Mizzima has learned from sources inside Burma that Dr. Nay Win Maung claimed to friends and diplomats during the height of Aung San Suu Kyi’s 2009 trial that all of Burma’s ’88 generation students were in favor of taking part in the 2010 elections except for Min Ko Naing. This proved to be quite untrue, as did his claim that jailed comedian Zarganar had been acting as an intermediary between the regime and the ’88 generation students.

When Mizzima interviewed a fellow member of Myanmar Egress about Dr. Nay Win Maung’s presentation in Bangkok, he replied that Dr. Nay Win Maung was speaking for himself and not on behalf of Myanmar Egress. Despite this claim many of Nay Win Maung’s opinion’s are expressed in Myanmar Egress‘s work and publications. In June 2009 the Wall Street Journal reported that a study published by Myanmar Egress which was written by Dr. Nay Win Maung suggested that the NLD should not contest more than 50% of the seats in the 2010 national election (a proposal also made in his email to ethnic and political leaders that was leaked to the Irrawaddy).

Myanmar Egress’s offices are located in a mid-range Rangoon business hotel. As the organization charges students as much as a US $100 to a short course, Myanmar Egress’s classes are for the most part limited to members of Burma’s elite and upper middle class. Myanmar Egress does, however, claim to offer some scholarships to those students in financial need.

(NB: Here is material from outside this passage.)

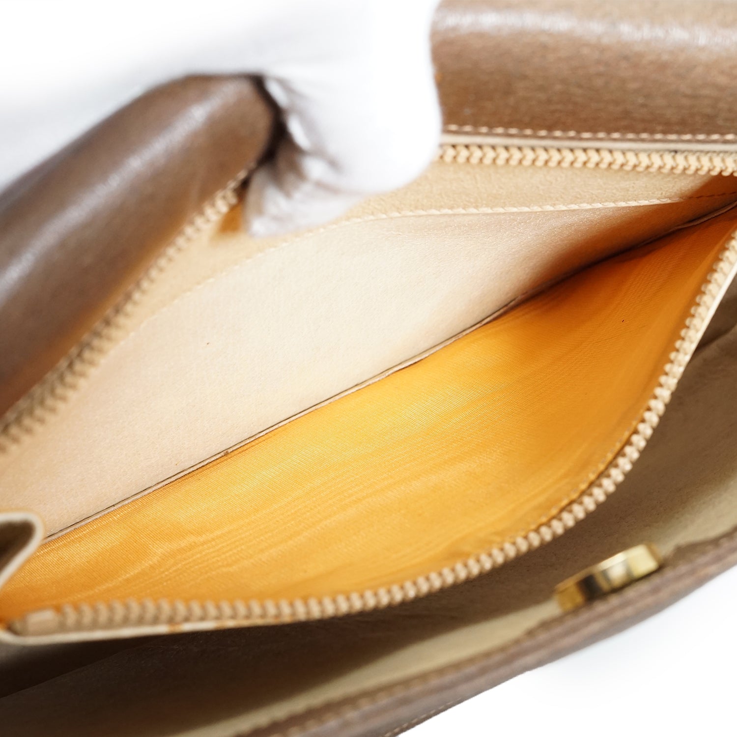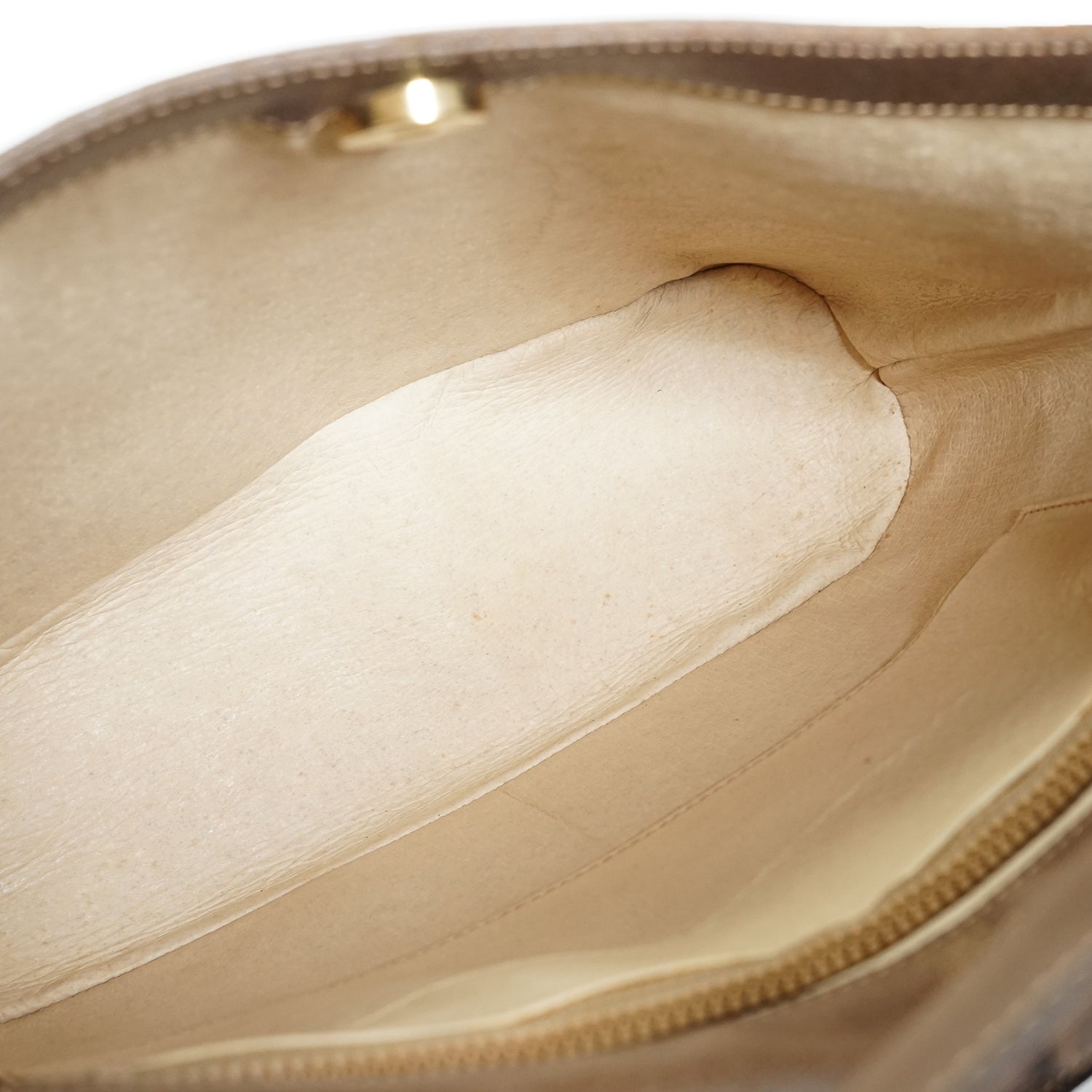 Discoloration: Slight hardware tarnish, minor discoloration throughout the inside fabric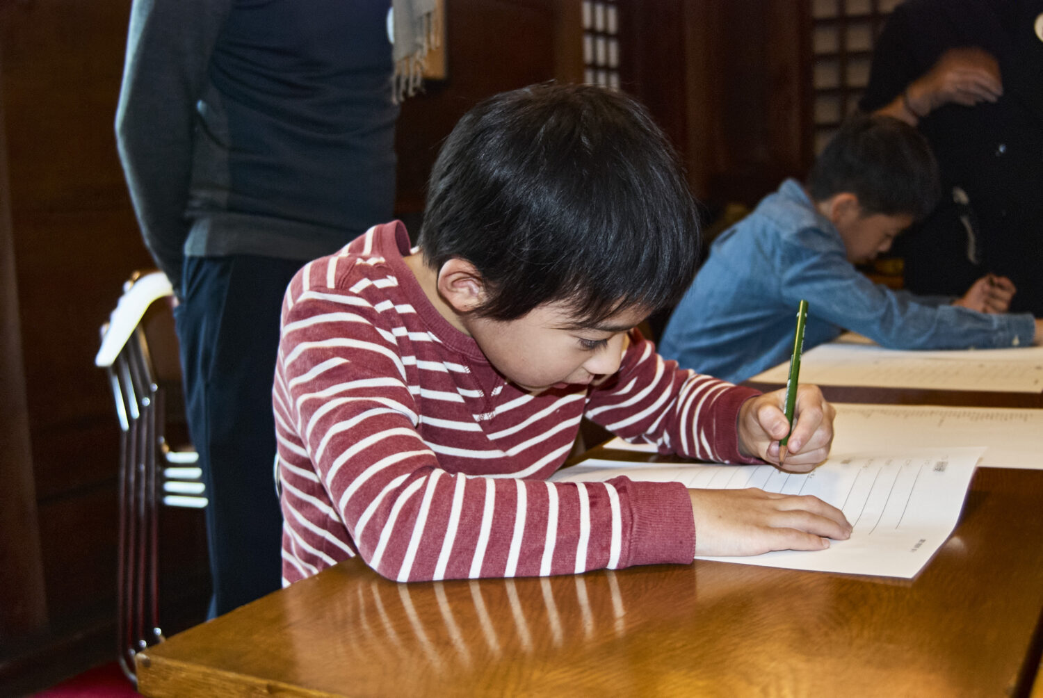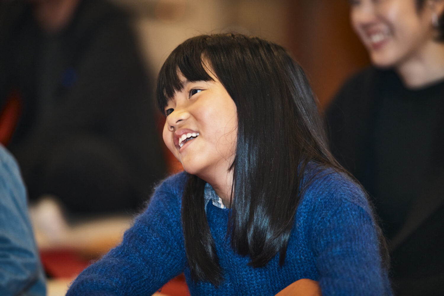 初めて出会う大人と子どもが、同じテーブルで頭を寄せ合います。

According to the Myanmar Egress website, which is almost exclusively in English, the NGO was formed “by a group of Myanmar nationalists [sic] committed to state building through positive change in a progressive yet constructive collaboration and working relationship with the government and all interest groups, both local and foreign.” How one can bring about progressive change by working in collaboration with Burma’s regime while it insists on jailing more than 2,100 political prisoners and is busy selling off the nation’s most prized assets to cronies remains to be seen.

That Myanmar Egress favors economic engagement with the West as a way of solving Burma’s many problems is hardly surprising given that several of its board members stand to gain financially from the Burmese economy’s further integration in the global marketplace. The NGO’s President, Tin Maung Than, is Vice-President of the Myanmar Fisheries Federation and according to the New York Times an adviser to Burma’s new rice industry association, while Vice-President Hla Maung Shwe is Chairman of the Myanmar Shrimp Association. As both Burma’s commercial fishing and shrimp sectors are known for widespread labor rights abuses, environmental destruction and close links with the military, it is questionable how industry representatives could contribute in a positive way to assisting a Burmese civil society NGO. Nonetheless, according to the Wall Street Journal, in 2009 the British development agency gave Myanmar Egress funding to conduct aid management training.

Hla Maung Shwe is reported to have been a former political prisoner. Following his release from prison he shifted his focus to business. According to Mizzima’s sources, he plays a key role in Myanmar Egress despite having a relatively low profile.

With a media mogul, two fishing executives, a senior travel company representative and an assortment of other major businesspeople on its board, Myanmar Egress looks more like a chamber of commerce than a civil society organization. It is therefore no surprise that in a November 2008 press release, ActionAid, an international partner of Myanmar Egress, described the organization as a “voluntary wing” of the Myanmar Chamber of Commerce. Meanwhile, much of Burma’s real civil society remains behind bars, in exile or underground.